Park Slope Anti-Rap-Club Petition Probably A Hoax, Definitely Unhelpful


Kudos to Capital New York for writing the most thorough piece yet on the great Prime 6/Yo! MTV Raps/Park Slope-is-racist controversy. You recall the online petition, circulated by one Jennifer McMillen, suggesting that Prime 6, a soon-to-be-opened club near the Atlantic Yards nexus, consider playing “indie” music instead of hip-hop, so as to become “a vibrant artistic hub instead of another Yo MTV Raps ‘bling-bling’ vip club.” Hilarious. The online mockery began immediately, even as everyone suspected this was performance art. As indeed Capital pretty much confirms it to be: Two weeks later and no one has heard from — heard of, really — any Jennifer McMillen, while Prime 6 proprietor Akiva Ofshtein never really even mentioned hip-hop in the first place. To wit:

But reporters looking for the movement behind the petition were soon frustrated. We could not find “Jennifer McMillen,” or any record of her belonging to any local or neighborhood group, or any prior record of her living in Brooklyn. (Neither could The Wall Street Journal.)

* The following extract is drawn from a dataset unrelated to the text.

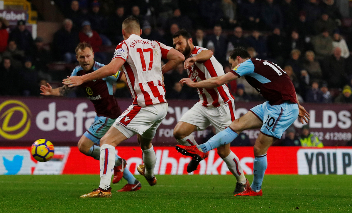 There was little to warm the home crowd on a wet and windy night but those who braved the wintry weather were celebrating in the 89th minute as Barnes seized on a ricochet off team mate Scott Arfield and thumped a shot past Stoke goalkeeper Jack Butland.

Nor could neighbors remember the name from any neighborhood activities or organizations, or help indentify or locate her. And yet, suddenly, this lawyer from Midwood [that’s Ofshtein], who had never envisioned a “hip hop club,” looked like the victim of rabid and rapidly institutionalizing racism in the swiftly-upward-moving (and increasingly white) area around Flatbush Avenue.

“The music thing is an aberration. That was never ever a concern of any of our neighbors,” said [Park Slope resident] Steve Ettlinger. “It’s a complete distraction. It’s a free-for-all and an indictment of the web.”

This was pretty much borne out by a community meeting we attended last week, where Prime 6 was pointedly discussed, but neither McMillen nor hip-hop in general came up much at all. At its core this is a loud-bar-in-the-neighborhood thing, exacerbated by Atlantic Yards-based ill will, where both sides have justifiable issues that viral Internet sensations won’t much help settle. So indicted, the Internet will now slink away to address other, more pressing issues. You’ve seen “Friday,” right?